Download the pretrained denoiser model and classifier from the following links:
- [Denoiser](https://drive.google.com/file/d/1-1Z)  # TODO
- [Classifier](https://drive.google.com/file/d/1-1Z)  # TODO

## Experiment

### Prepare a subset of the training data

TODO: Add instructions for preparing a subset of the training data.

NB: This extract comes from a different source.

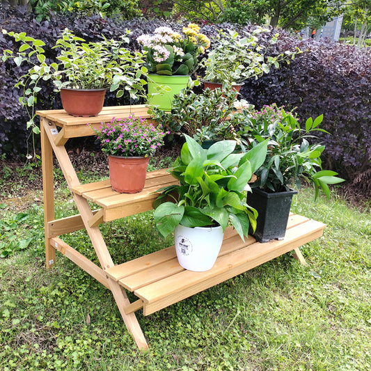 מעמד לעציצים תלת-קומתי מדורג ברוחב 90 ס"מ מעץ מלא בסגנון קלאסי וכפרי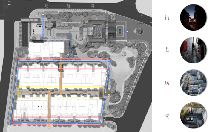 通过府门-坊门-户门三重空间进阶,勾勒归家仪式轴线;因地制宜形成错落有致的园林景观,结合行人步道、下沉庭院、入口广场等组团空间,打造多层次、多形态的游玩体验,造就丰富、私密的园林空间,仿若“蝉噪林逾静,鸟鸣山更幽”。

### Train a classifier on a subset
```
python main.py --config <CONFIG_FILE_PATH> --exp <WORKING_DIRECTORY> --doc <MODEL_DIR> --doc_classifier <CLASSIFIER_DIR> --train_classifier --subset --resume_training  --indices <SUBSET_INDICES_FILE>
```

### Fine-tuning denoiser model on the subset
Fine-tune the pretrained denoiser model on the subset until it begins to produce images that look very similar to the training set (but not so much that it completely collapses).

```
python main.py --config <CONFIG_FILE_PATH> —exp <WORKING_DIRECTORY> --doc <MODEL_DIR> --ni --doc_classifier <CLASSIFIER_DIR> --subset --indices=<SUBSET_INDICES_FILE> --resume_training
```
e.g.
```
python main.py --config celeba_test.yml --exp DiffDP --doc celeba_finetune --ni --doc_classifier celeba_classifier --subset --indices celeba_subset_images/subset_indices.txt --resume_training
```


### Generating samples from the fine-tuned denoiser model
To generate **protected** images from the fine-tuned denoiser model, run the following command:
```
python main.py --config <CONFIG_FILE_PATH> --exp <WORKING_DIRECTORY> --sample --fid --timesteps 1000 --eta 0 --ni --sample_type generalized_guided --tolerance 0.05 --scale 100 --doc_classifier <CLASSIFIER_DIR> --image_folder=<OUTPUT_IMAGE_FOLDER>
```

To generate **raw** images from the fine-tuned denoiser model, run the following command:
```
python main.py --config <CONFIG_FILE_PATH> --exp <WORKING_DIRECTORY> --sample --fid --timesteps 1000 --eta 0 --ni --sample_type generalized_guided --tolerance 0.0 --scale 0 --doc_classifier <CLASSIFIER_DIR> --image_folder=<OUTPUT_IMAGE_FOLDER>
```
  

### Do inference attacks
```
python main.py --config <CONFIG_FILE_PATH> --exp <WORKING_DIRECTORY> --doc <MODEL_DIR> --doc_classifier <CLASSIFIER_DIR> --subset --indices <SUBSET_INDICES_FILE> --inference_attack
```

## CPSample for guided generation
Please check the jupyter script `jupyter_scripts/CPSample_Guided_Generation.ipynb` modified from "Stable Diffusion Deep Dive" for Stable Diffusion Guided Generation using CPSample.